Top 1000 2010: Company 2 - Diageo
Not plain sailing
Diageo has had trouble on the domestic front, but globally it has done well, with Guinness celebrating its 250th birthday this year.
Few global, not to mention Irish, brands can boast the longevity of Guinness. The "250 Celebration" for Guinness' milestone birthday on September 24th last may have been centred on St James’ Gate, the traditional home of the pint, but they became a global media event.
Diageo Newsfeed
April 25th: Diageo seen as possible buyer of C&C spirits portfolio
It is speculated that Diageo is one possible buyer of C&C's €200 million spirits and liquer arm, which it is believed is about to be put on the market.
March 25th Diageo plans to brew Guinness in South Africa
Guinness is to be brewed at Diageo's new joint venture brewery, south of Johannesburg. The brewery is a partnership between Diageo and Heineken and is an effort to muscle in on local brewer SABMiller's home turf. Diageo makes an estimated 10% of its profits in Africa, about 40% of which is from South Africa.
March 23rd: New black Guinness lager launched
Guinness Black Lager is launched on a trial basis in Northern Ireland. Aimed at a younger market, the decision to innovate raises comparisons with some failed experiments by the brand in the past.
February 12th: Diageo threatens to quit UK over tax
Diageo CEO Paul Walsh says the company would possibly reconsider moving its headquarters away from London if taxation on a corporate or individual level became more onerous. "We are a global company,” he said. “We enjoy being headquartered in London, but if the tax regime here in the UK became so egregious, either for corporates or individuals, we would have no option but to look at other alternatives."
February 11th: Alcohol industry hit by downturn but Guinness performs well
The economic weakness in Ireland and a reduction in customer spending continues to impact the alcohol industry, Diageo says, with Irish sales falling 10% in the first six months of its financial year. Sales of Guinness worldwide went up by 1%, reflecting a growing global market and a tougher domestic one.
It is 250 years since Arthur Guinness signed the 9,000 year lease on the St. James' Gate Brewery in Dublin with an annual rent of £45. While in the 1880s the St. James's Gate Brewery was the largest in the world, today it is still one of the largest stout producing breweries in the world and few drinks are as instantly recognisable as a pint of Guinness.

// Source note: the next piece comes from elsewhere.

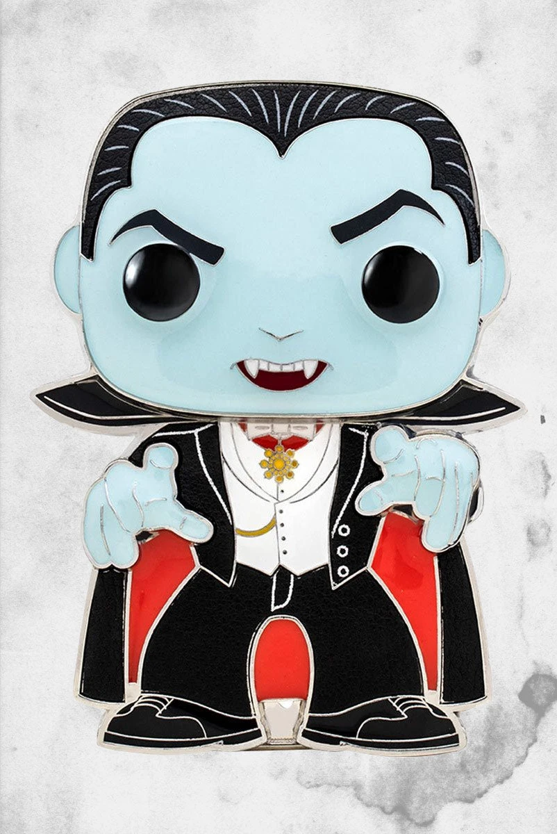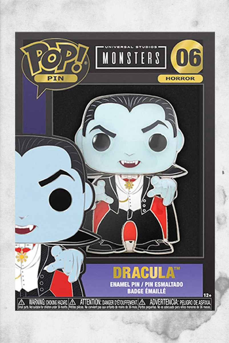 Expand your Pop! style with Pop! Pins! This large Pop! Pin measures approximately 4-inches tall, just like the Pop! Vinyl Figure it’s based on. Not only does the pin have the standard pin backings so you can attach it to bags or a cork board; it also has a “Funko Crown” pin stand allowing it to stand up for a dynamic display! True to it’s namesake, the head is raised making it pop from the body. This Universal Monsters Dracula Large Enamel Pop! Pin comes packaged in a window display box.

It is lucky for Diageo, the brand’s owner, that Guinness has such global appeal. The recession in Ireland has not helped Diageo’s performance in a country that has long taken its products to heart, not to mention manufactured many of them.
Diageo’s half year results in February saw a 10% fall in Irish sales over the last six months of 2010. The changed drinking climate in Ireland was highlighted by the fact that the “on trade" pub and restaurant sales were the hardest hit in the six months, falling 14%.
And there was disappointment too for Irish employees of the global drinks company when it was announced that a planned €650m investment in new brewing facilities had been put on hold until the economy recovers.
But thankfully for Diageo, Ireland is just a small part of its operation. Emerging markets have taken up the slack for the “pint of plain” and, globally, net sales of Guinness rose 1% in the half year. Other Diageo brands fared worse – there was a 4% decline in net sales of vodka brand Smirnoff and a 7% fall in net sales of Baileys.
Still, in that most recent period, Diageo posted a 3% rise in global net sales, to just over £5.2bn and a 6% fall in operating profits, to £1.5bn. This was led by impressive growth in South-East Asia where net sales grew 21%. Sales also rose 8% in North America but Europe lagged behind with 3% growth.
"We are in the early stages of recovery with more encouraging signs in the emerging and developing markets," said Diageo CEO Paul Walsh.
The company’s Irish staff will hope that this recovery becomes increasingly tangible. They, like their counterparts in the UK and elsewhere, have had to endure a restructuring programme aimed at cutting £100m from its cost base in the 2009-2010 financial year.
Like so many Irish based companies, Diageo was bitten by the property bug. Many saw its plan to consolidate a number of its Irish brewing operations in a €650m state-of-the-art brewery in Leixlip as at least partly motivated by the opportunity to make a killing on some land. The plan would have allowed the company to develop river front land at its city centre site in St James’ Gate.
Given its proximity to the city and a main transport hub, the site would have been a much more sensible development proposition than many of those that were built during the Celtic Tiger era. But, for now, it is not to be.
“In terms of Leixlip, the original project announced one year ago was to create a long-term internationally competitive brewing operation in Ireland and it made more sense to go down the path of bringing them together into one site than having them across a range of sites which is what we have today,” said John Kennedy, managing director of Diageo Ireland, last year about the decision.
“It wasn't about realising land value but was more about long-term strategy. We have put that project on hold for the next few months because we found that every assumption we made about the business back in May 2008 had changed dramatically by January 2009 so given this was the biggest single capital investment that Diageo plc has ever made it felt prudent to stop and re-check the assumptions on the work before moving forward."